• What you are asked to do
Your answer must be the exact lines from the one holding "71% dos núcleos" through the last line of the records below, with no pictures.

Dataset records

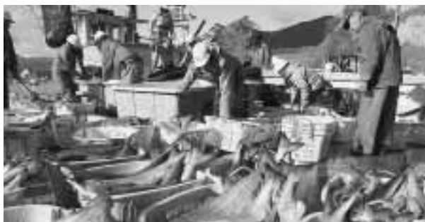
秋さけは豊漁でした

サケ稚魚のふ化放流機能の向上 のため、下安家漁業協同組合が実施する ふ化場の井戸の新設と飼育池の壁面塗装 に対し、支援します。村内外の評価が高まってきているホタテガイの販売力をさらに向上させるため、野田村漁業協同組合が実施する ホタテガイ蓄養施設の増設 に支援し、ホタテ小型貝の流通のため貝毒検査費用への助成をおこないます。また、 ヒラメの放流 や アワビ種苗放流 の経費への助成を継続し、漁家の経営安定向上に支援します。
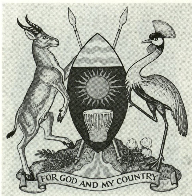
Uganda. Skjoldhoved: bølget af blåt og sølv. Hovedfelt: sort, med guld sol og guld eller naturligt farvet tromme. Dexter skjoldholder: muligvis en grantgazelle, sinister: en krontrane. På fodstykket: en kaffekvist (?) med bær og en bomuldskvist med hvide blomster.

Om det symbolske indhold i Tanganyikas og Ugandas våbener kan jeg ikke oplyse andet, end hvad enhver selv kan slutte sig til. Krontranen var
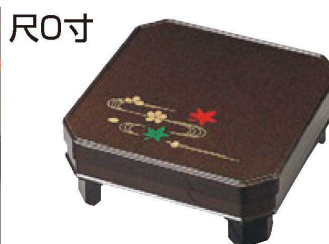
⑩ A 尺0寸隅切御膳弁当 F-1-89 梨地春秋内朱 (仕切付) ¥9,750 (30.2×30.2×11.8) 櫃20
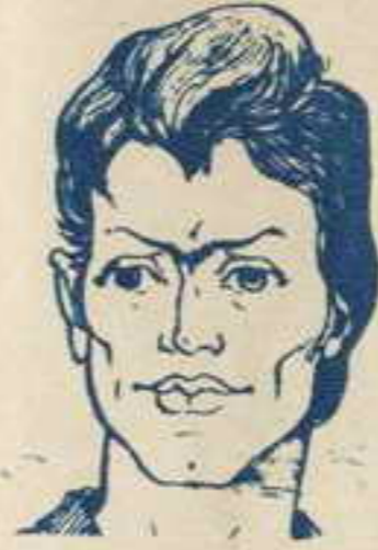
بارازيني أول الخيط
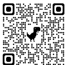
埼玉県県営公園施設予約サービス （外部サイト）
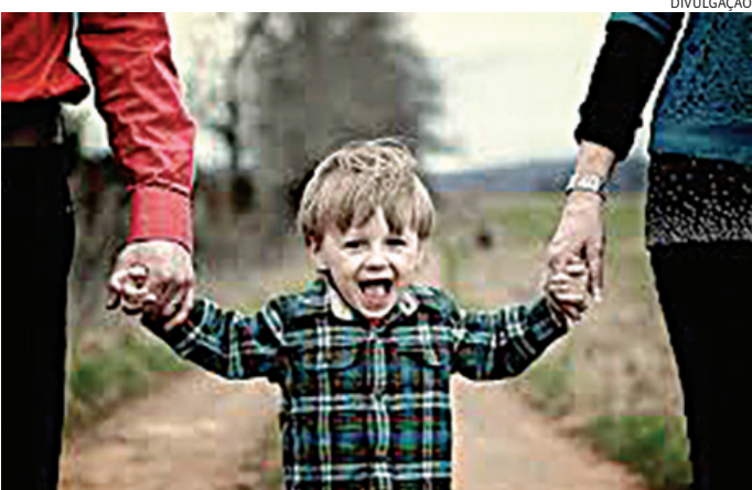
71% dos núcleos familiares de Jundiaí não têm nenhum filho de até 10 anos

Essas também são as faixas etárias com mais pessoas na cidade, respectivamente. E isso mostra a inversão da pirâmide etária na cidade, com a redução de crianças e o
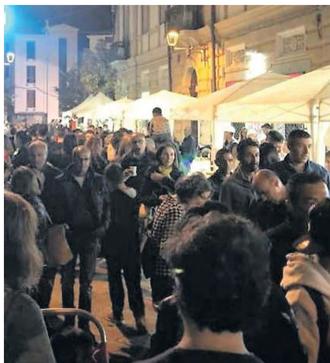
Un piatto di culurgionis proposto durante la manifestazione, a destra la folla che ha invaso le strade di Lanusei per visitare gli stand

• Exercise answer
71% dos núcleos familiares de Jundiaí não têm nenhum filho de até 10 anos

Essas também são as faixas etárias com mais pessoas na cidade, respectivamente. E isso mostra a inversão da pirâmide etária na cidade, com a redução de crianças e o
Un piatto di culurgionis proposto durante la manifestazione, a destra la folla che ha invaso le strade di Lanusei per visitare gli stand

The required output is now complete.